Exercise aim:
Pictures within the data are to be left out; everything else must be reproduced exactly.

Source data:
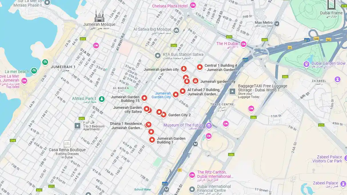 The facade features glass and marble elements, blending modernity with minimalism. Each unit has spacious layouts, open-plan living and bedrooms, abundant natural light from large windows, and private balconies offering sweeping views of Dubai’s vibrant cityscape. The location provides proximity to the coast, Sheikh Zayed Road, and key cultural landmarks including Dubai Glow Garden, Dubai Frame, Jumeirah Mosque, Mercato, and Jumeirah Beach.
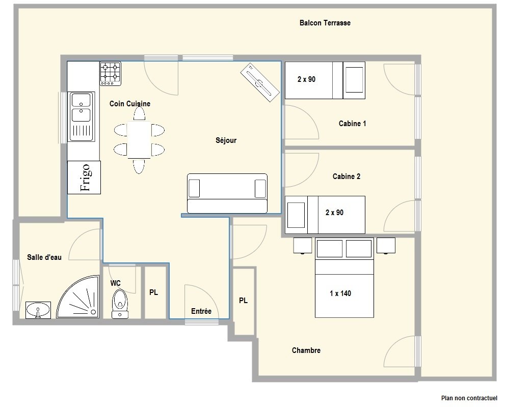 Cet appartement de vacances d'une superficie de 55 m² situé au deuxième étage sans ascenseur comprend une chambre avec un lit double, un séjour avec cuisine, deux chambres (inf. à 9m²) avec 2 lits superposés (NB : le lit supérieur d'un lit superposé est interdit aux - de 6 ans) dans chaque chambre, des WC indépendants et une salle d'eau.
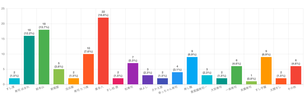 10月28日時点で107名の方に回答いただきました!ありがとうございます!果たして寝屋川市民が選んだ、好きなチェーン店以外の寿司店は…!?
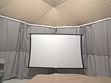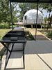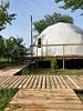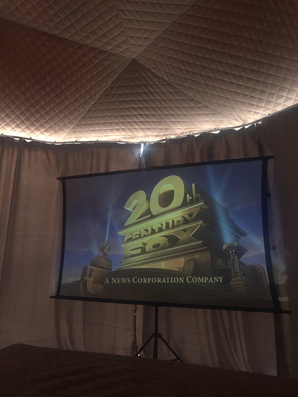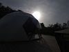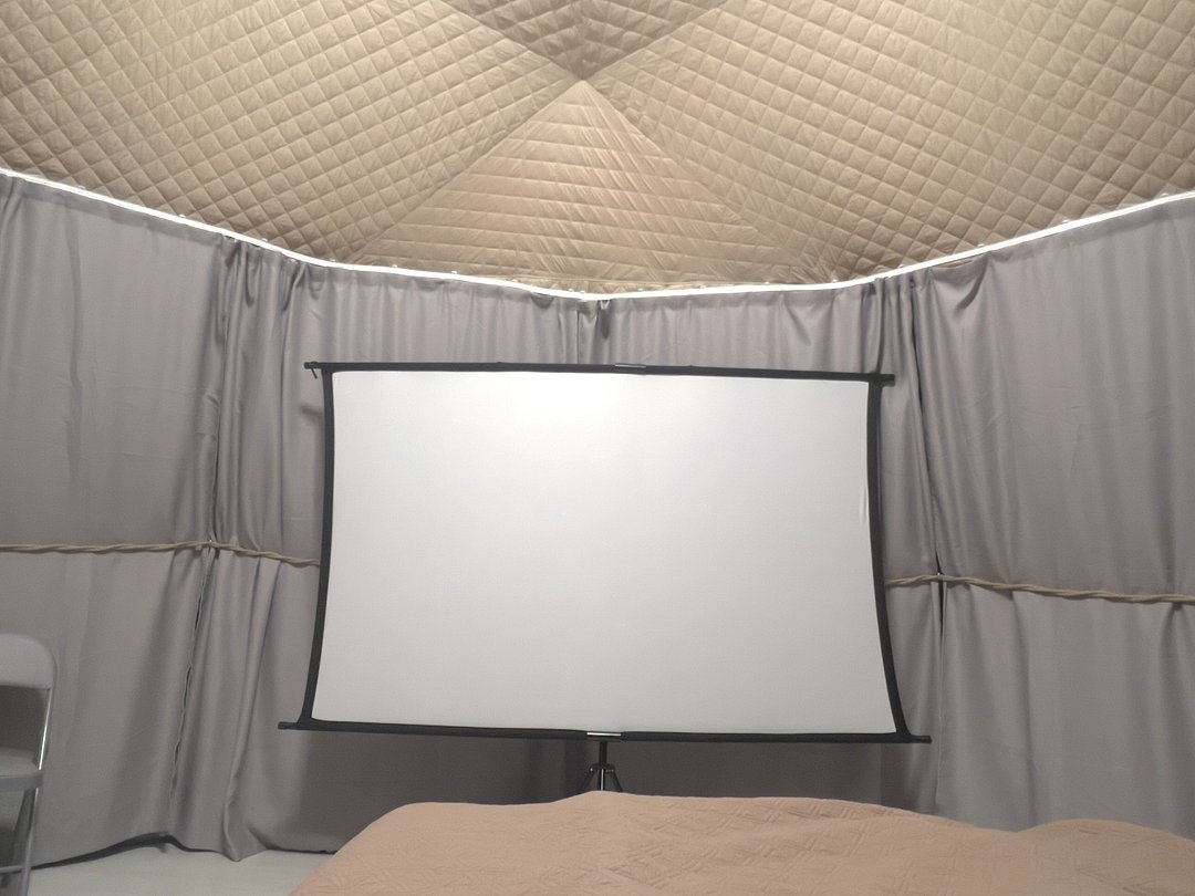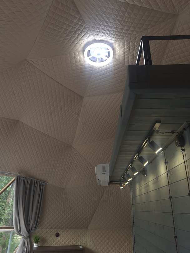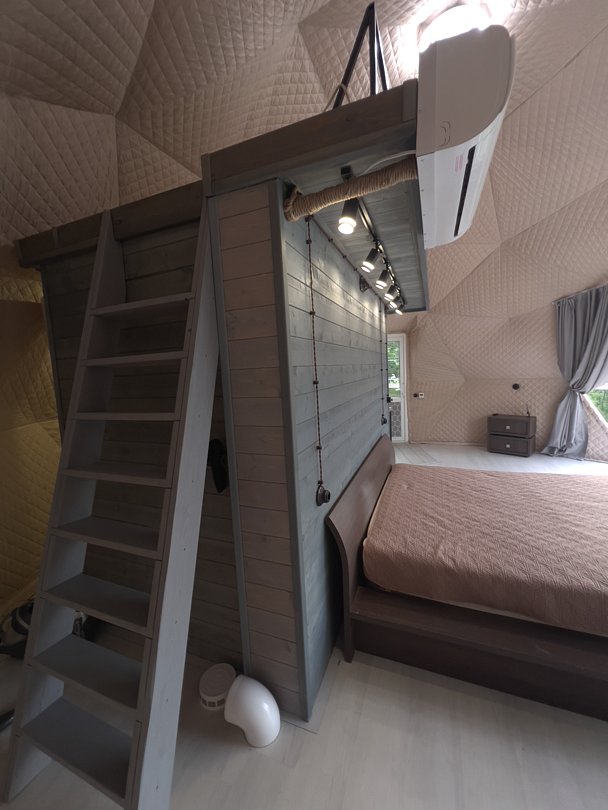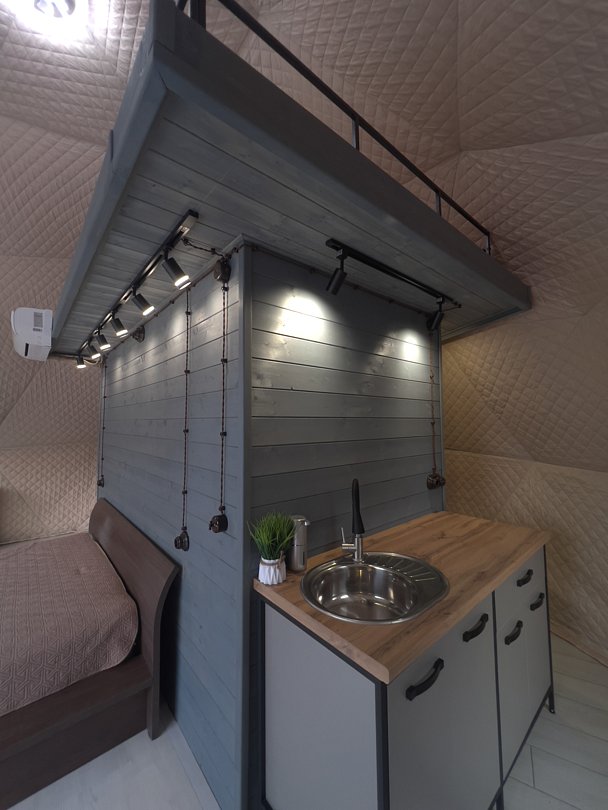 Купольный дом вмещает в себя: санузел с душевой, двуспальная кровать 200 на 160 (на первом ярусе), две односпальных кровати 200 на 90 (на втором ярусе), дополнительное место — место раскладушка, небольшая кухня, зона отдыха (столик со стульями, комод). Посередине купола установлен домашний кинотеатр, который доставит вам удовольствие от просмотра любимых фильмов.

Written reply:
 The facade features glass and marble elements, blending modernity with minimalism. Each unit has spacious layouts, open-plan living and bedrooms, abundant natural light from large windows, and private balconies offering sweeping views of Dubai’s vibrant cityscape. The location provides proximity to the coast, Sheikh Zayed Road, and key cultural landmarks including Dubai Glow Garden, Dubai Frame, Jumeirah Mosque, Mercato, and Jumeirah Beach.
 Cet appartement de vacances d'une superficie de 55 m² situé au deuxième étage sans ascenseur comprend une chambre avec un lit double, un séjour avec cuisine, deux chambres (inf. à 9m²) avec 2 lits superposés (NB : le lit supérieur d'un lit superposé est interdit aux - de 6 ans) dans chaque chambre, des WC indépendants et une salle d'eau.
 10月28日時点で107名の方に回答いただきました!ありがとうございます!果たして寝屋川市民が選んだ、好きなチェーン店以外の寿司店は…!?
 Купольный дом вмещает в себя: санузел с душевой, двуспальная кровать 200 на 160 (на первом ярусе), две односпальных кровати 200 на 90 (на втором ярусе), дополнительное место — место раскладушка, небольшая кухня, зона отдыха (столик со стульями, комод). Посередине купола установлен домашний кинотеатр, который доставит вам удовольствие от просмотра любимых фильмов.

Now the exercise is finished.